Fewer than 5 to 10% of symptomatic PEs are fatal within the first hour of symptoms.

There are several markers used for risk stratification and these are also independent predictors of adverse outcomes. These include hypotension, cardiogenic shock, syncope, evidence of right heart dysfunction, and elevated cardiac enzymes. Some ECG changes including S1Q3T3 also correlate with a worse short-term prognosis. There have been other patient-related factors such as COPD and chronic heart failure thought to also play a role in prognosis.

Prognosis depends on the amount of lung that is affected and on the co-existence of other medical conditions; chronic embolisation to the lung can lead to pulmonary hypertension. After a massive PE, the embolus must be resolved somehow if the patient is to survive. In thrombotic PE, the blood clot may be broken down by fibrinolysis, or it may be organized and recanalized so that a new channel forms through the clot. Blood flow is restored most rapidly in the first day or two after a PE. Improvement slows thereafter and some deficits may be permanent. There is controversy over whether small subsegmental PEs need treatment at all and some evidence exists that patients with subsegmental PEs may do well without treatment.

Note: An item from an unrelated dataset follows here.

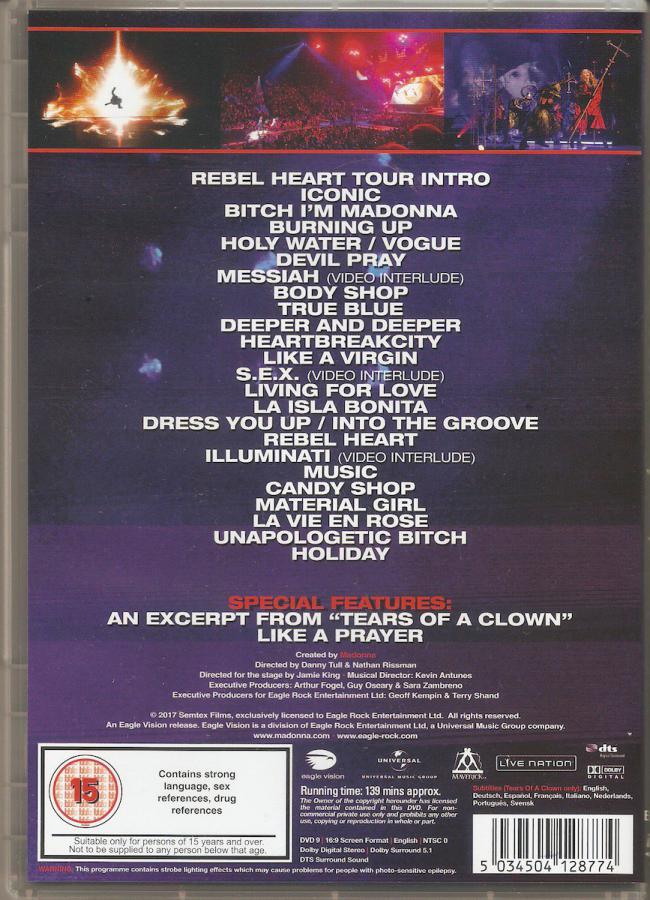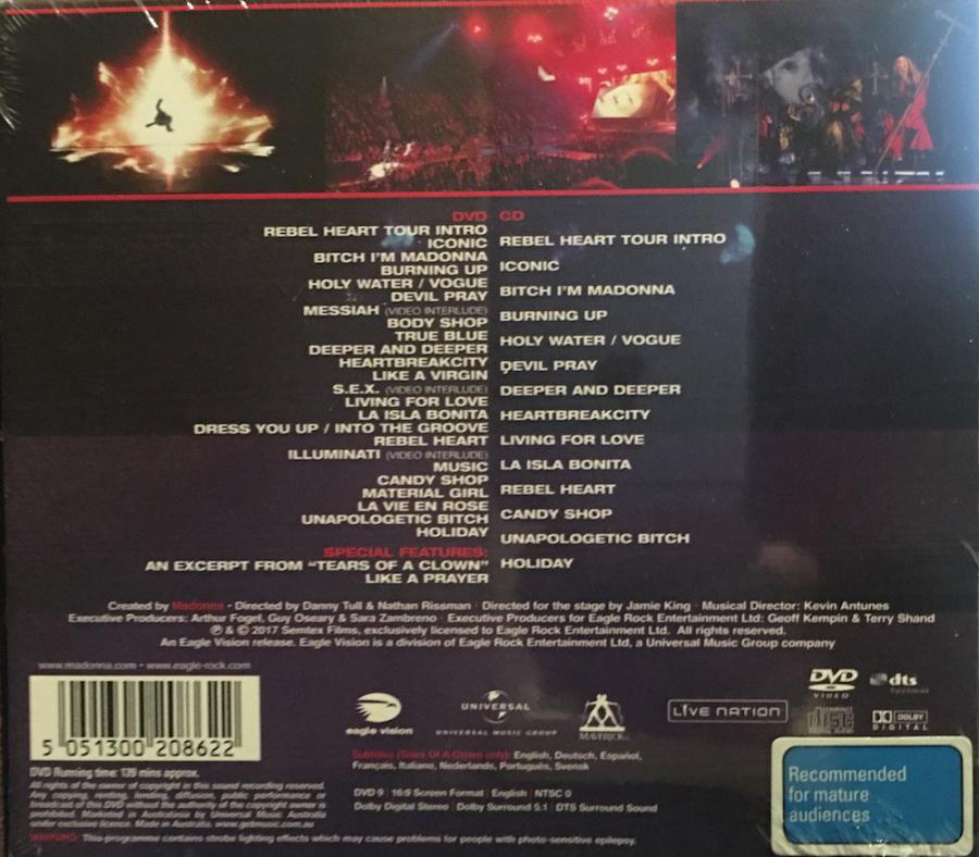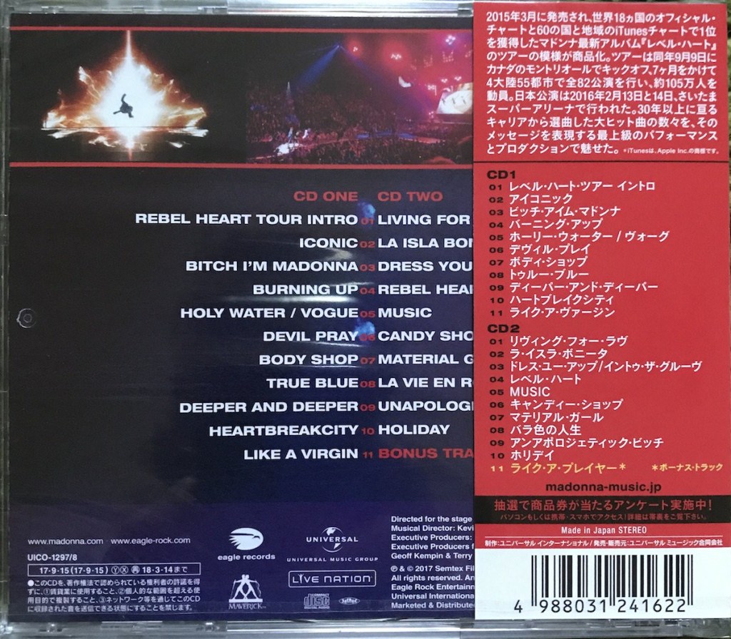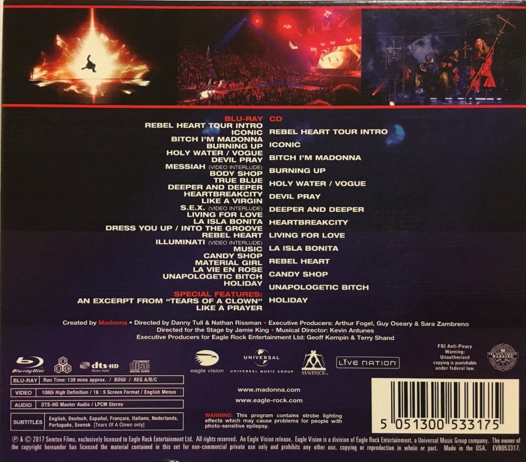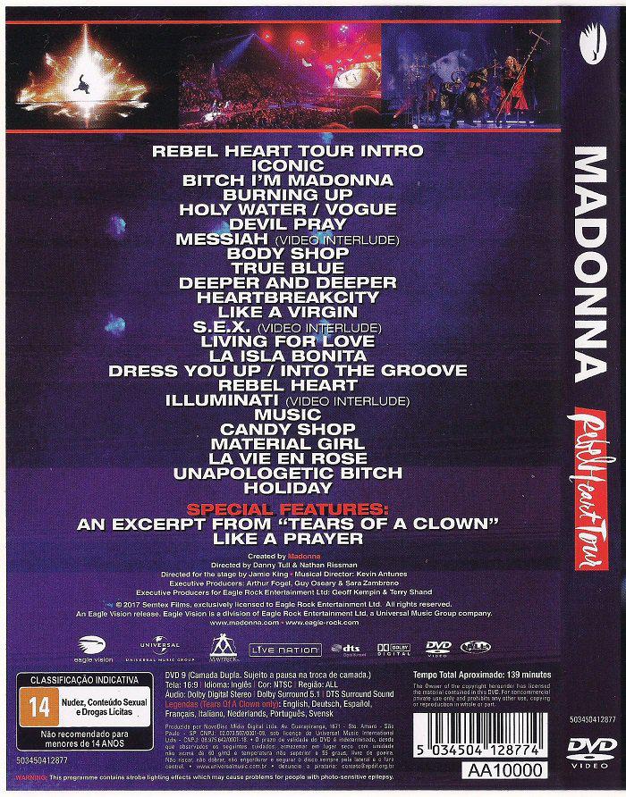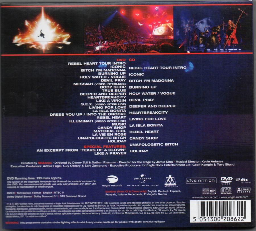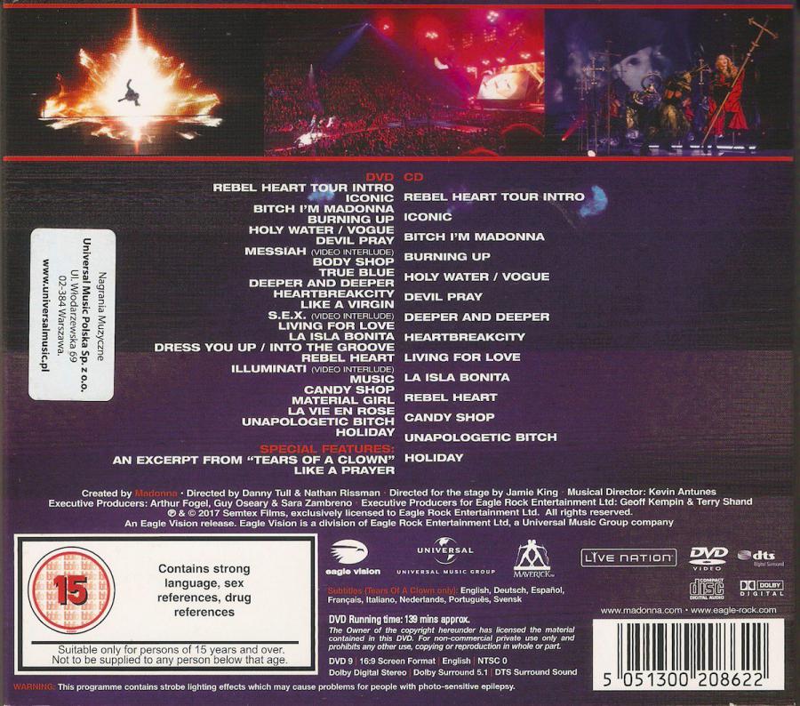 En 2017, «The Rebel Heart Tour» se lanzó en formato de audio con la versión del show completo en 2 CDs en empaque jewelcase doble. Y luego una edición de CD simple con selección de 14 tracks que venía conjuntamente en empaque digipack junto al DVD o al Blu-ray. Además, se lanzó una versión de solo video con disco DVD o Blu-ray. Por otro lado en 2022, se editó la versión en vinilo doble con la misma selección de 14 tracks que la versión CD single. Todas las imagenes pertenecen a Madonna Discography.

Once anticoagulation is stopped, the risk of a fatal pulmonary embolism is 0.5% per year.

Mortality from untreated PEs was said to be 26%. This figure comes from a trial published in 1960 by Barrit and Jordan, which compared anticoagulation against a placebo for the management of PE. Barritt and Jordan performed their study in the Bristol Royal Infirmary in 1957. This study is the only placebo-controlled trial ever to examine the place of anticoagulants in the treatment of PE, the results of which were so convincing that the trial has never been repeated as to do so would be considered unethical. That said, the reported mortality rate of 26% in the placebo group is probably an overstatement, given that the technology of the day may have detected only severe PEs.

===Predicting mortality===

The PESI and sPESI (= simplified Pulmonary Embolism Severity Index) scoring tools can estimate the mortality of patients. The Geneva prediction rules and Wells criteria are used to calculate the pre-test probability of patients to predict who has a pulmonary embolism. These scores are tools to be used with clinical judgment in deciding diagnostic testing and types of therapy. The PESI algorithm comprises 11 routinely available clinical variables. It puts the subjects into one of five classes (I–V), with 30-day mortality ranging from 1.1% to 24.5%. Those in classes I and II are low-risk and those in classes III–V are high-risk.

==Epidemiology==
There are roughly 10 million cases of pulmonary embolisms per year. In the United States, pulmonary embolisms are the primary cause of at least 10,000 to 12,000 deaths per year and a contributing cause in at least 30,000 to 40,000 deaths per year. True incidence involving pulmonary embolisms is unknown because they often go undiagnosed or unnoticed until autopsy. From 1993 to 2012, there has been an increase in the number of admissions in hospitals due to pulmonary embolisms, jumping from 23 cases per 100,000 people to 65 cases per 100,000 people. Despite this increase, there has been a decrease in mortality during that same period due to medical advances that have occurred.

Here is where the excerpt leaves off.